The above description is only for the specific embodiments of the present invention, but the scope of the present invention is not limited thereto, and any person skilled in the art can easily conceive of the changes or substitutions within the technical scope of the present invention, and all the changes or substitutions should be covered within the scope of the present invention. Therefore, the protection scope of the present invention shall be subject to the protection scope of the claims.

Claims

1. A multitask and multiresolution collaborative esophageal cancer lesion segmentation method is characterized by comprising the following steps:

s1, acquiring an esophageal cancer lesion image dataset and preprocessing the esophageal cancer lesion image dataset;

s2, constructing a multitask and multiresolution collaborative esophageal cancer lesion segmentation model, wherein the segmentation model comprises four decoding blocks and four coding blocks; the parts corresponding to the decoding block and the coding block adopt jump connection; the segmentation model is fused with an attention module;

s5, combining the lesion contour result of the step S4 with the lesion segmentation result after the conditional random field processing to form a final segmentation result.

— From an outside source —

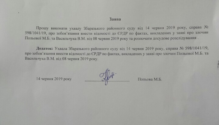 «Суд скаргу задовольнив, рішення суду тільки що подала в поліцію і чекаємо завтра забрати Витяг (з ЄРДР, – прим. ред.) з поліції, чекаємо початку досудового розслідування», – розповіла кореспонденту СПЖ член релігійної громади храму Мирослава Польова.

2. The method for segmenting esophageal cancer lesions with multitask and multiresolution cooperation as claimed in claim 1, wherein the specific process of preprocessing in step S1 is as follows: marking the esophageal cancer lesion area on the esophageal cancer lesion image to form a label, and then reading esophageal cancer lesion image data and carrying out normalization processing.

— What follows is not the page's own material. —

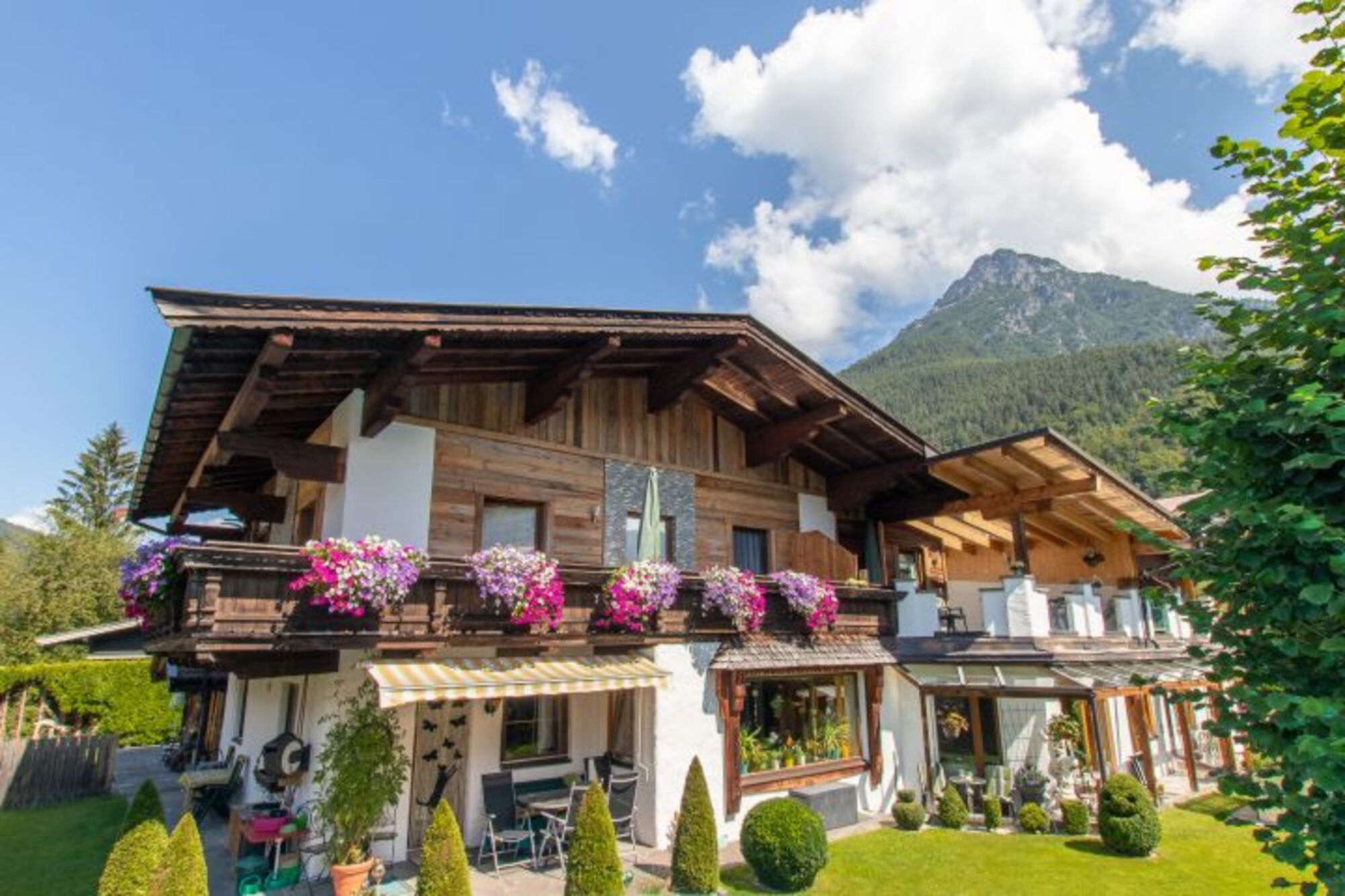 Die beiden Wohnungen Andrea und Petra haben je 65 m² und bestehen aus einer gemütlichen Küche, Wohnzimmer im Tiroler Stil, ein oder zwei Doppelschlafzimmer,, großem Bad, WC, Flur und einem großen, sonnigen Balkon zur alleinigen Benutzung.

3. The method according to claim 2, wherein the preprocessing further comprises dividing the esophageal cancer lesion image data into a plurality of sub-blocks randomly after the data after normalization processing is augmented by rotating, clipping, and adding noise, wherein each sub-block is marked with a label with a corresponding size.

4. The method for segmenting the esophageal cancer lesion based on the multi-task and multi-resolution cooperation of claim 3, wherein the training process in the step S3 is as follows:

s302, sending the fusion features to an attention module to output the adjusted features; the attention module includes a channel attention module and a spatial attention module;

and S305, training the segmentation model by utilizing the joint loss function in both branches of the step S304 to obtain the trained segmentation model.

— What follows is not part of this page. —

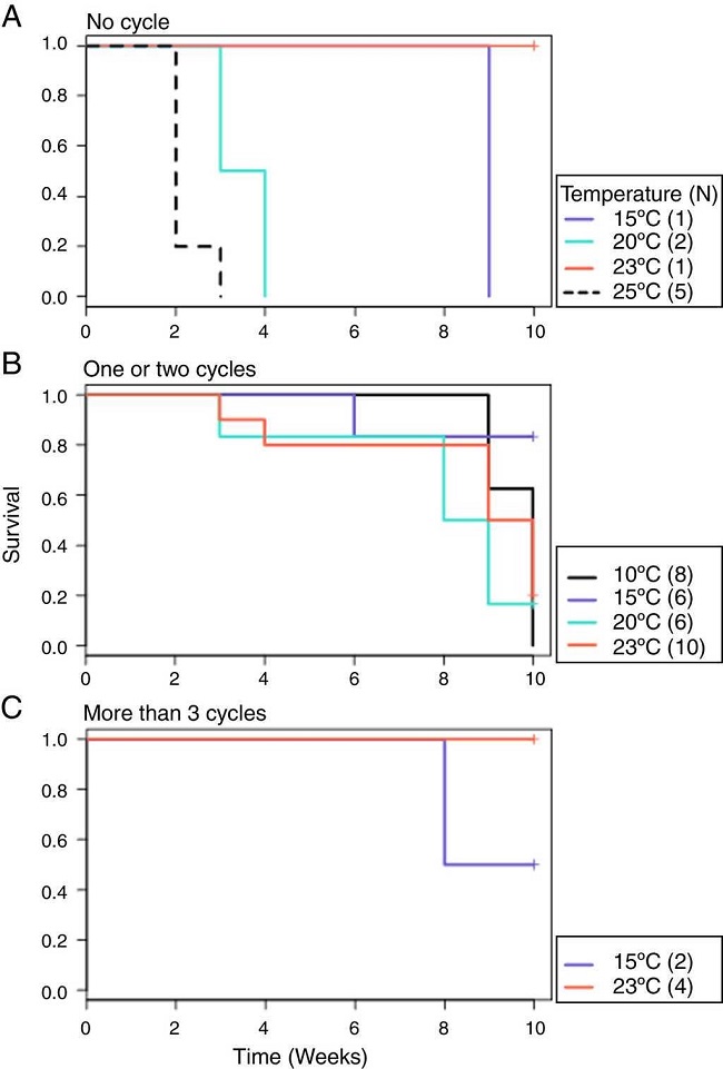 When all of the individuals were included in the analyses, the Kaplan-Meier survival analysis showed significant differences between temperatures ( = 59.4, DF = 4, p < 0.001) (Table 3) and Cox's proportional risk models using the 10 °C treatment as a reference revealed significant differences in survival with the treatment at 25 °C (LRT = 68.8, DF = 4, p < 0.001), which had a risk rate of 63.5 (Table 3, Fig. 1 A)

5. The method as claimed in claim 4, wherein the coding block is downsampled by Max boosting, and the decoding block is bilinear interpolation.

6. The method for segmenting the esophageal cancer lesion based on the multi-task and multi-resolution cooperation of claim 4, wherein an activation function of a dice coefficient in the joint loss function is defined as:

wherein

the result of the prediction is represented by,

(ii) a Wherein, K represents the number of categories,

the probability that pixel point i belongs to category k.

7. The method for segmenting the esophageal cancer lesion based on the multi-task and multi-resolution cooperation of claim 6, wherein the specific process of the step S5 is as follows: definition of

Is a pixel

Probability of whether or not it is a lesion;

is a pixel

wherein CRF is a conditional random field.

8. The method according to claim 7, further comprising evaluating the segmentation model trained in step S3, wherein the evaluating process comprises: and measuring by using a joint loss function, comparing the output final segmentation result with the overlapped part of the real cancerous data labeling part, and judging to reserve the optimal segmentation model according to a preset evaluation index.

9. A multi-task and multi-resolution cooperative esophageal cancer lesion area segmentation device is characterized by comprising

A memory: for storing executable instructions;

a processor: for executing the executable instructions stored in the memory, a method of multi-tasking multi-resolution collaborative segmentation of esophageal cancer lesions as claimed in any one of claims 1-8 is implemented.